I eat a plant based diet so I've only made beans in the IP, including garbanzos for homemade hummus. 

Some of the recipe sites listed earlier in this thread look intriguing. Would love to have people share their IP, pressure cooker, and air fryer experiences, recipes and favorite website here.


----------



## katlupe (Jul 16, 2022)

I have one and use it almost daily but most of my recipes, except for yogurt are meat based. I love mine though and find it makes cooking so much easier.


----------



## RadishRose (Jul 16, 2022)

RadishRose said:


> I've had 2 pressure cookers. Cooking time is amazingly fast!
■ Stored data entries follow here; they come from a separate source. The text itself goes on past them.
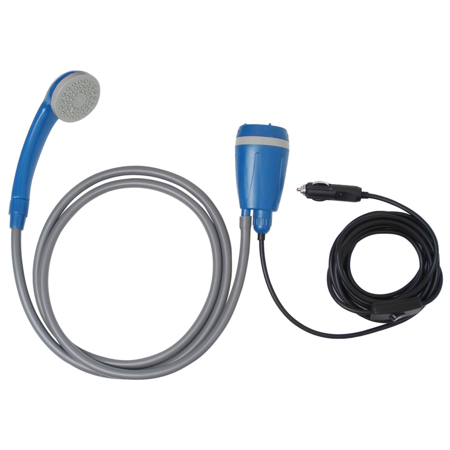 - douchekop met slang; snoer (5 m); 12 V dompelpomp; 12 V ZA-stekker; houder met zuignap voor douchekop; opbergtas
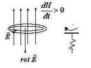 в какой-либо точке пространства вызывает появление в смежных точках вихревого электрического поля, силовые линии которого охватывают линии магнитного поля и расположены в перпендикулярных линиям
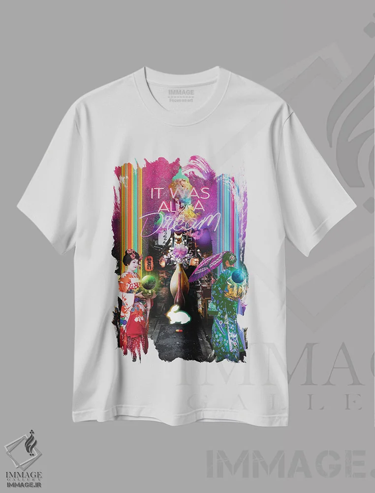 تیشرت سفید طرح دار همه اش یک رؤیا بود، دکور آسیایی اثر دیوید لوبلاو | فروشگاه ایماژ
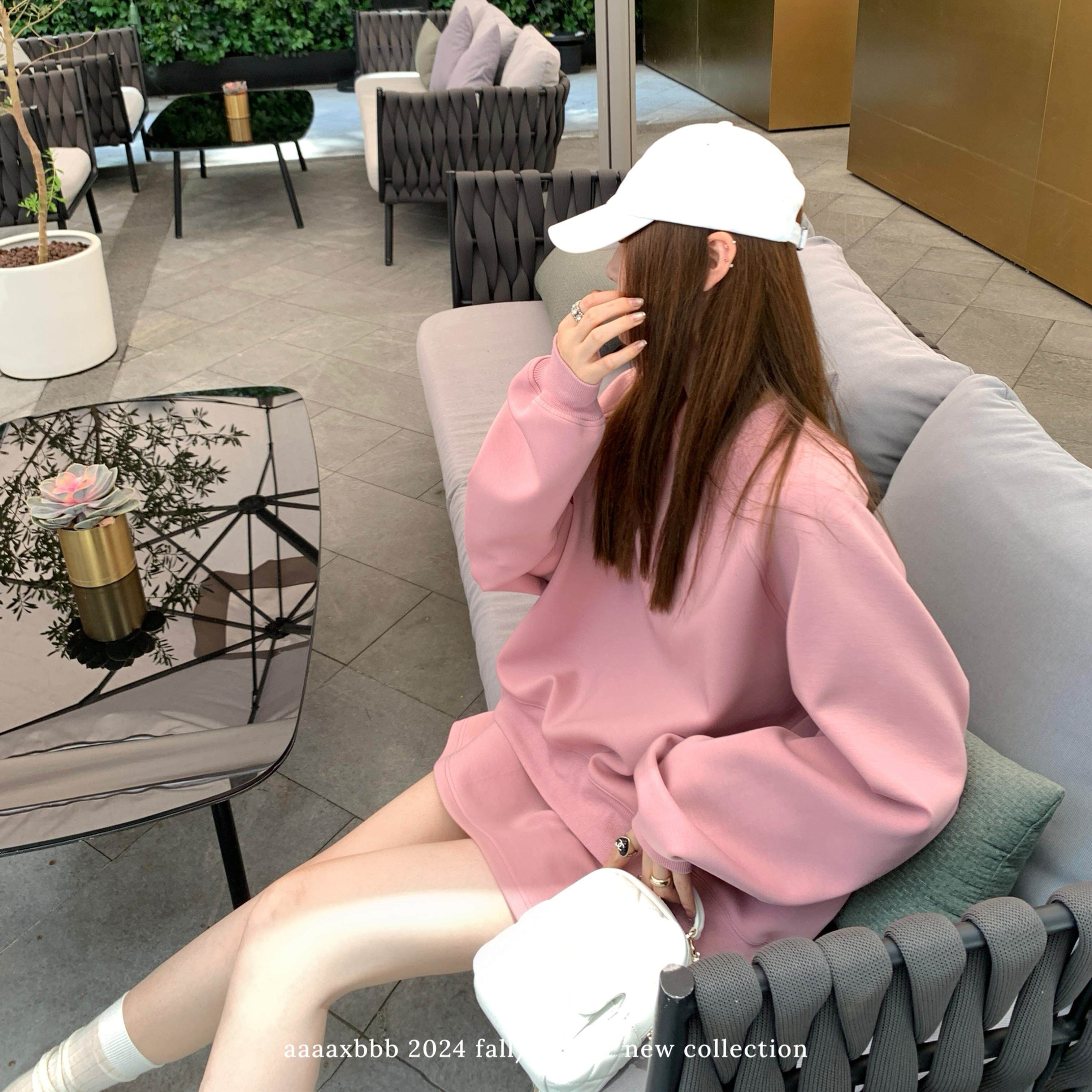 天丝圆领上衣长袖 春秋卫衣套装 松紧腰半身裙女 莓果朗姆 aaaaxbbb

Things seem to have a different "taste" from a pressure cooker, not bad, just different. You could taste when something is cooked under pressure. I've lost my gaskets during moves.
> 
> However, food tastes much better than when cooked all day in a crock pot IMO.
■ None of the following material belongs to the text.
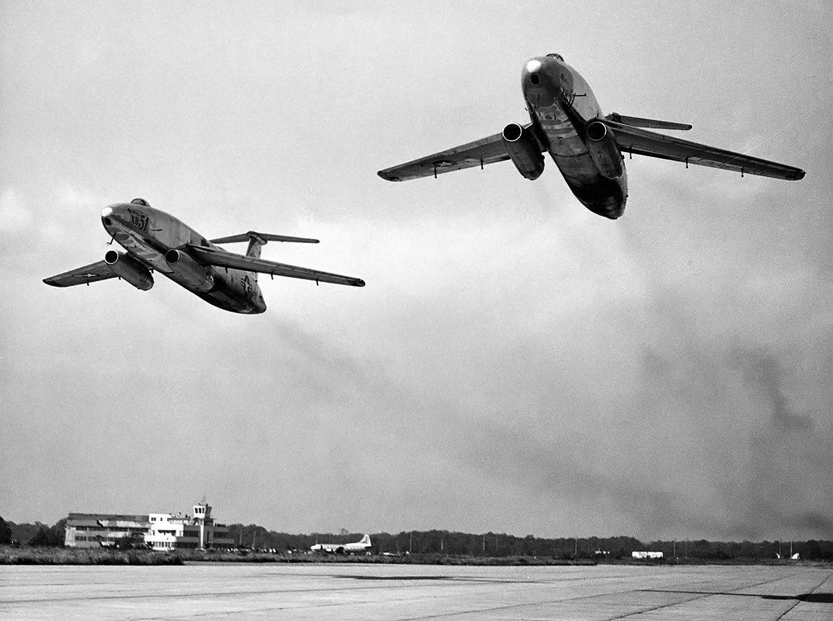 Cabin access was via a door located on the left side of the fuselage and just forward of the wing. The first prototype had a split upper and lower door, but subsequent examples had a single door that folded down to form stairs for cabin entry. The passenger compartment originally had six windows on its right side and five windows on its left side. However, none of the prototype aircraft had their full allotment of windows, and some of the “windows” were painted on. It seems the window on the door was eventually omitted. Pressurization provided a nominal pressure differential of 8.3 psi (.57 bar), enabling an 8,000 ft (2,438 m) cabin altitude while cruising at a 41,000 ft (12,497 km) flight altitude. The steerable nosewheel retracted forward into the nose of the aircraft.
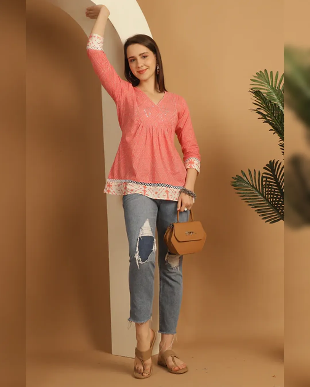 Elevate your casual style with this Slim Fit Cotton Short Kurti, designed to pair effortlessly with denim jeans or trousers. Crafted from breathable cotton and adorned with subtle thread work, this 29-inch kurti offers both comfort and elegance, making it ideal for office hours, college days, or casual outings.

Back then I had blown my gaskets. Hah. I have since bought another, stainless steel lined aluminum. I like it.

I also said "food tastes much better than when cooked all day in a crock pot IMO." I don't like food from a crock pot... pulled pork is the only exception, but even that is better slow roasted in the oven.


----------



## StarSong (Jul 16, 2022)

RadishRose said:


> Back then I had blown my gaskets. Hah. I have since bought another, stainless steel lined aluminum. I like it.
> 
> I also said "food tastes much better than when cooked all day in a crock pot IMO." I don't like food from a crock pot... pulled pork is the only exception, but even that is better slow roasted in the oven.
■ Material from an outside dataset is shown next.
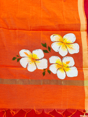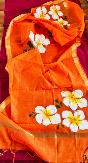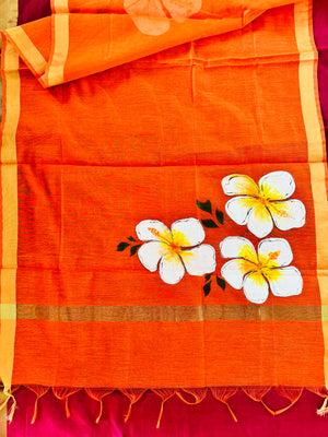 Hand Painted Chanderi Silk Dupatta with Floral Design
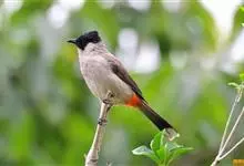 白喉红臀鹎是雀形目鹎科鹎属鸟类,又称红臀鹎、黑头公。额、头顶、枕、眼周和颊的前部黑色,具金属光泽;颊的后部和耳羽灰白色;后颈、颈侧和上体灰褐色,各羽均具浅色羽缘;腰羽及尾上覆羽灰褐色;颏与嘴角黑色,…全部>>

My crock pot is about 40 years old, but I haven't cooked in it for a couple of decades.  I use it to keep sauces, meatballs, or other foods at proper, safe (hot) temperatures during parties.

What appeals to me about an IP is that it doesn't take all day to cook.


----------



## Just Jeff (Jul 16, 2022)

C'est Moi said:


> I need some new recipe ideas, please.





C'est Moi said:


> Thanks, everyone. I have had pressure cookers since forever; starting with the old rockin' release Presto stovetop model when dinosaurs roamed the earth.


Take one 600 lb slab of brontosaurus rib (ORGANIC!) ,   slice into easy 200 lb pieces,  place in cooker and cook for 3 million years,  then season to taste.  
Feeds a large family.


----------



## Pepper (Jul 16, 2022)

I don't have an instant pot, but I can have pot instantly.


----------



## Lee (Jul 16, 2022)

I have thought about getting one but notice the thrift stores have a lot of them on the shelves so I wonder if they are just another fad. Maybe it is something to do with cleaning them. Air fryers are all the rage too but I suppose each new appliance has it's good and bad points.

I use my crock pot a few times a month, prefer stove top or convection oven.


----------



## Tish (Jul 16, 2022)

These look yummy.

https://themodernproper.com/20-best-instant-pot-recipes


----------